Have you ever wondered why God turned from Jesus on the cross??? Why did Jesus hang there and cry out to heaven, “My God, my God, WHY HAVE YOU FORSAKEN ME?”
I’ve listened to the high and lofty sermons, “It was because God had to turn his back on SIN”, and how it was at that moment the “sins of the world was placed on Jesus” Recently in service during the praise and worship I received a revelation from God, I believe. Jesus, the son of man, was God in the flesh sent to remove the SINS of the world. In order to be a man He had to be able to identify with every man, every woman in all situations and in all conditions. How could we feel the complete love of Christ if He could not identify with us in EVERY situation? If Jesus had never experienced the desperate “aloneness” of feeling that God had left Him how could He know the desperate feeling in someone’s heart of one that feels abandoned?
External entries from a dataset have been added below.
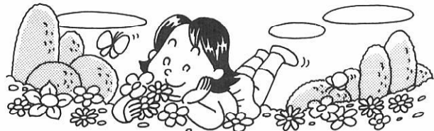
森の中 緑がゆれる 笑ってる

【国際交流員コラム】 森吉町を去る前に (3月27日帰国) 芽吹きの季節がやって来ました。そろそろ帰国するのか、と思うと懐かしい思い出に胸がいっぱいになります。 一年は本当に「あっ」という間に、夢みたいでした。焼き魚のアユ、ぱりぱりとした大根漬、熱いきりたんぽの味は、なかなか頭から消えません。最も忘れられないのは、皆さんのご親切と温かい心遣いです。着いた翌朝の雪景色と熱いお弁当、春の「小京都」角館の花見、夏の桃洞の滝と男鹿半島の青く澄んだ海の色、秋田の竿燈祭り、秋の玉川温泉と八幡平の紅葉、田沢湖の夕暮れ、冬の浅虫温泉と森吉山での初めてのスキー体験・家庭のような温もりを感じ、外国人という言葉がすっかり忘れてしまい、皆の中に溶け込んで仕事の楽しみを味わいました。 週に一回前田小の正課クラブ「中国語会話」の授業に行くのはとても楽しいことでした。授業の後、子供たちに囲まれて、あれこれ聞かれたり、聞かせたり、中国に関心と興味を示し、「弟の名前はこれ、中国語では
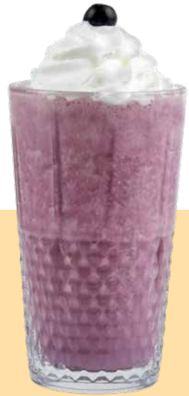
180,00₺ Yaban mersinli milkshake Blueberry milkshake
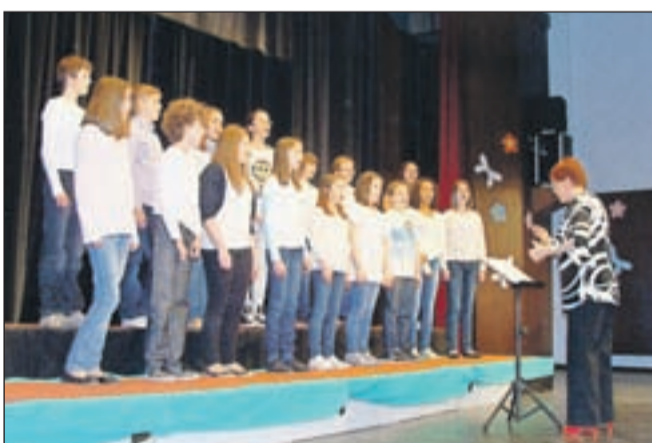
Mladinski pevski zbor OŠ Prežihov Voranc

Kar 250 mladih pevcev, osem zborov od Kranjske Gore do Žirovnice in pester spored prijetnih pesmi. To so glavni poudarki z Območne revije otroških in mladinskih pevskih zborov, ki je bila 12. aprila v dvorani Kulturnega doma na Slovenskem Javorniku. Pevski zbori so znova pokazali, da na osnovnih šolah v vseh treh občinah in na jeseniški Gimnaziji znajo mladim vliti veselje do prepevanja, ki jih potem lahko spremlja vse življenje. To je v veliki meri zasluga učiteljev, mentorjev in zborovodij, ki v to delo vlagajo veliko časa in truda. Na območni reviji je bila strokovna spremljevalka Andreja Martinjak, ki bo pripravila ocene za napredovanje zborov za regijsko srečanje. Za izvedbo je poskrbela Območna izpostava Javnega sklada Republike Slovenije za kulturne dejavnosti Jesenice ob podpori Občin Jesenice, Kranjska Gora in Žirovnica. J.R.
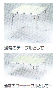
通常のテーブルとして...
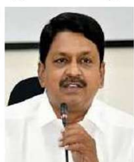
మరువలేనని అన్నారు. జిల్లా రైతాంగాన్ని ఆదుకునేందుకు తక్కి వంచన లేకుండా
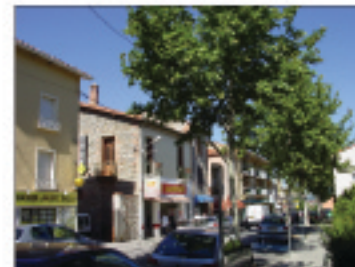
4.VISTA AV.GEORGES CLEMENCEAU
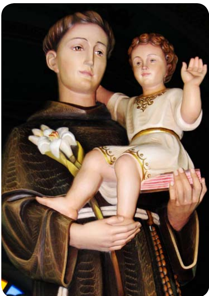
Imagem de Santo Antônio vinda da Itália
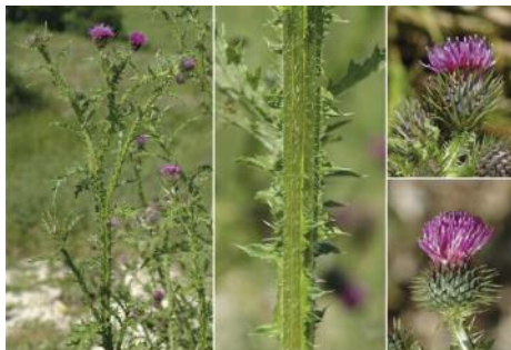
Carduus crispus ou chardon crépeux
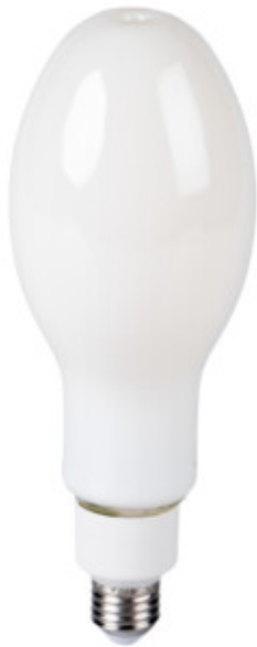
XLED HP D90E27 26W-NW
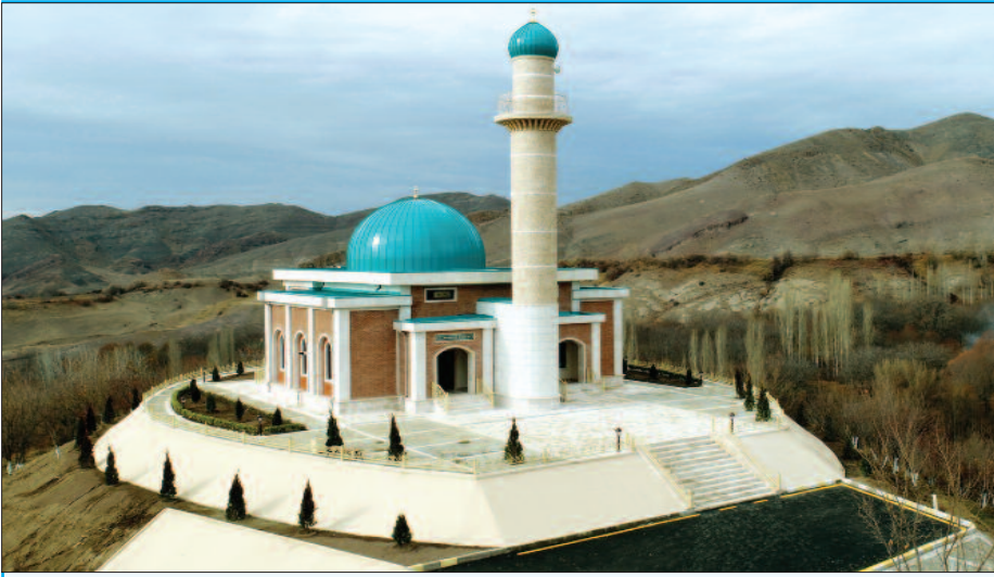
Hörmətli redaksiya! Mərkəzlərdən biri olan qədim yurdumuzda mənəvi dəyərlərin qorun-

Our relationship with God, in a large part, is shaped by our relationship with our earthly father.
Children with no father around, or an abusive father feel alone and seperated from their father’s love. Then with that shaping a person’s relationship with their heavenly Father in the middle of hard and hateful situations they EXPECT the Father to turn away and this person does as they have always done trying to work out their own solutions. Does God say NO sometimes? You bet because that is what is best for us. You don’t believe that? Ask Jesus in the garden when He BEGGED Father God to allow the “cup to pass from Him.” God knew what Jesus the lamb of God would have to endure in order to redeem all of mankind and through love God said, “No.”
People in the most horrendous situations feel abandoned by everyone, God included, and the crushing aloneness, desperation, suicidal feelings, and complete dispair is something Jesus had to be able to identify with. It is at that point a person will either turn to God, or turn from God. It is then that our faith in God must be the strongest. I have had many challenges and losses in my life. The challenges before my salvation had me by the throat and feeling everyone and everything was against me. Everything bad that was what “God did to me”, and good that happened was a good stroke of luck. I always thought that I was a good person and I had a good heart. The things I thought I wanted wasn’t what I needed so God said no. Each step, circumstance, and revelation lead me to the day of my redemption.
After my salvation I have been learning, slowly, how God is shaping me. Like the water shapes the rock it is slow but steady. It is my desire to seek the face of God and move my heart to His. Jesus sacrifice at the cross has taught me to ask my desires of God, through prayer, and finish with not my will but Your will, Lord because You see what is needful.